I agree partially. Indeed in some use-cases a physical system may contain several system_id inside, and it may be seen as a single logical system (i.e. the organisation). But what if a physical system (a ‘server’) is used as multi-tenant, where each tenant has his own system_id, and you would like to either query in specific system, or only query across systems? In this case a ‘system’ would act as parent container for EHRs.
I’m curios @chunlan.ma why should then not be considered in AQL. Also, what would be the ‘parent’ container if you would use AQL to query in Demographic RM side for PARTY - as it is certainly not the EHR (you cannot SELECT ... FROM EHR ... CONTAINS PERSON ...) ?
It may seem unrelated to original question on this topic, but I think we miss in openEHR the concept of a higher SYSTEM class, and we only use here and there an obscure ‘system_id’ attribute, which we have can hardly regulate.

1 Like

I would argue that this is always what a ‘system’ is for the purposes of openEHR. The actual system, i.e. servers in the data centre that act as a logical substrate (DB, security etc) for all contained tenants is not a ‘system’ from the EHR point of view, it’s infrastructure. Hence my suggestion that we equate ‘system’ in the openEHR sense to EHR repository of an organisation.

Agree.

1 Like

Would be very interesting to know some of the difficulties you had on the journey.

This is a very interesting question, especially thinking of including demographic data as part of the system. In theory, I agree that patient’s demographic information and EHR data should be part of the system (regardless of the individual design).
AQL is a language driven by archetypes. My initial thought is that AQL is used for querying EHR data, that’s why the root class is EHR. OpenEHR doesn’t have a System class anyway. If you do want to specify the system id in AQL, it can be easily done by:

FROM EHR e[system_id=‘xxx’], or

FROM EHR e
WHERE e/system_id=‘xxx’

I can see the benefits of including system_id criteria as part of the AQL in some situations, such as the scenario you mentioned.

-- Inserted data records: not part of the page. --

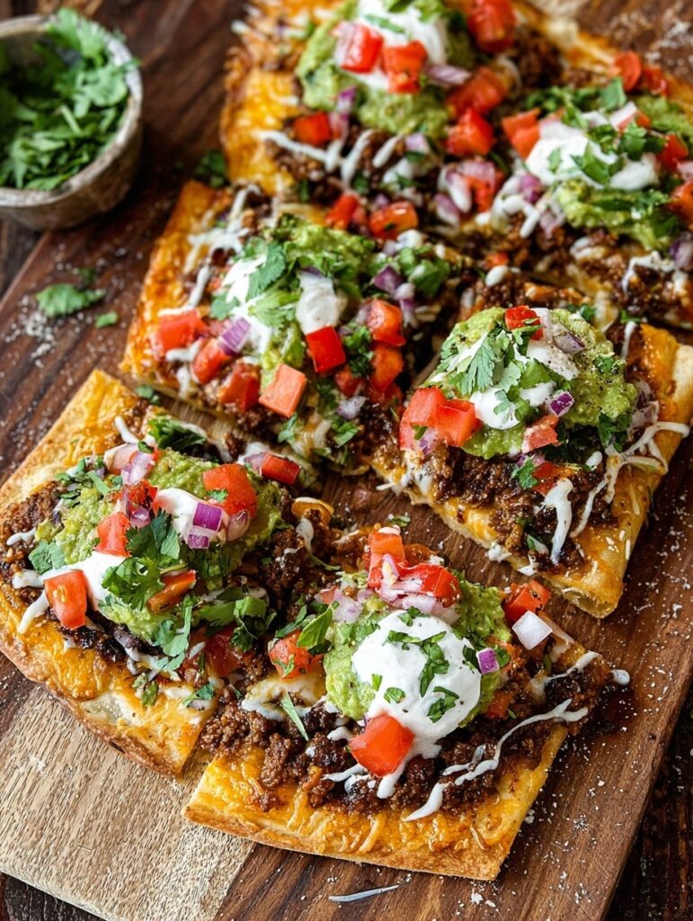 All the flavors of taco night in flatbread form! Seasoned ground beef, cheese, and all your favorite toppings make this a kid-friendly winner.
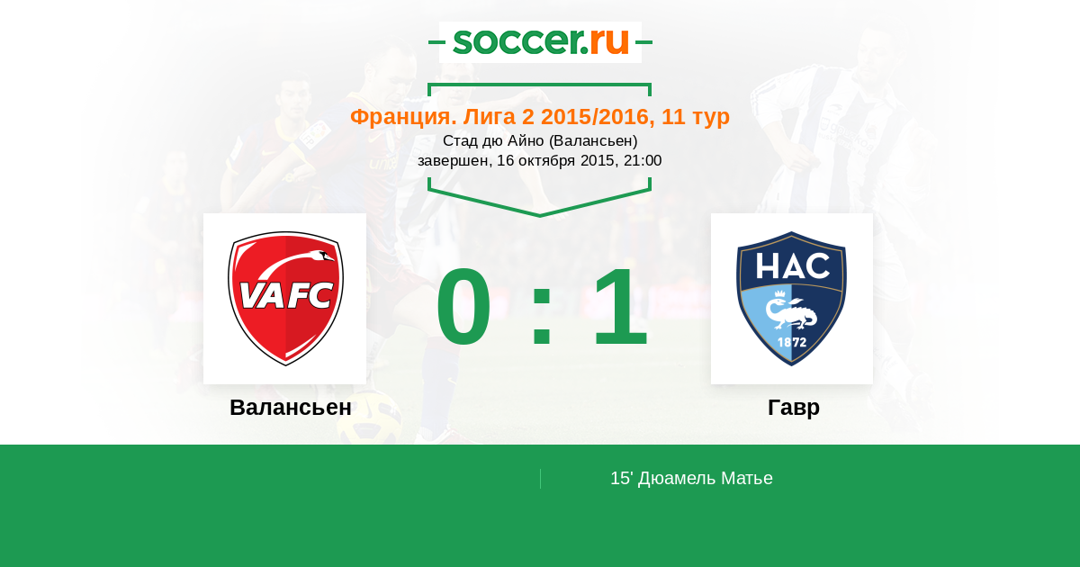 15' ГолЛоготип ГаврДюамель Матье (10) - 0:1
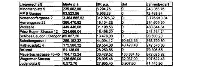 bereits veranlaßt. Weiters wurden im Jahre 2002 die Einmietungen in 1010 Wien,

Indeed, and the openEHR Demographic side is also driven by archetypes, some old v0 still present on CKM. I don’t see any issue with AQL side on this aspect.

This is what I am debating about. I don’t think EHR should be the root-class, but a SYSTEM class, which we don’t have right now.

Yes indeed, that should work. But I was up for the other one with a system, also because I would like to query for PARTY objects. A while ago I tried to write a sketch on how should it be - see https://openehr.atlassian.net/wiki/spaces/spec/pages/1916796933/Demographic+RM+usage.

I.e. a ‘virtual EHR system’ concept not just a ‘virtual EHR’ concept. We should definitely talk about it.

1 Like

Perhaps we should use/start a separate thread for the discussion about a top ‘SYSTEM’ hierarchy level that includes both EHR and Demographic/Registry parts? That thread could also discuss the suitability/problems of using AQL for querying meshes/graphs rather than trees. Perhaps some Archetype-based sytactic sugar on top of GQL (AGQL?) and sugar-resolving query preprocessing would do the trick…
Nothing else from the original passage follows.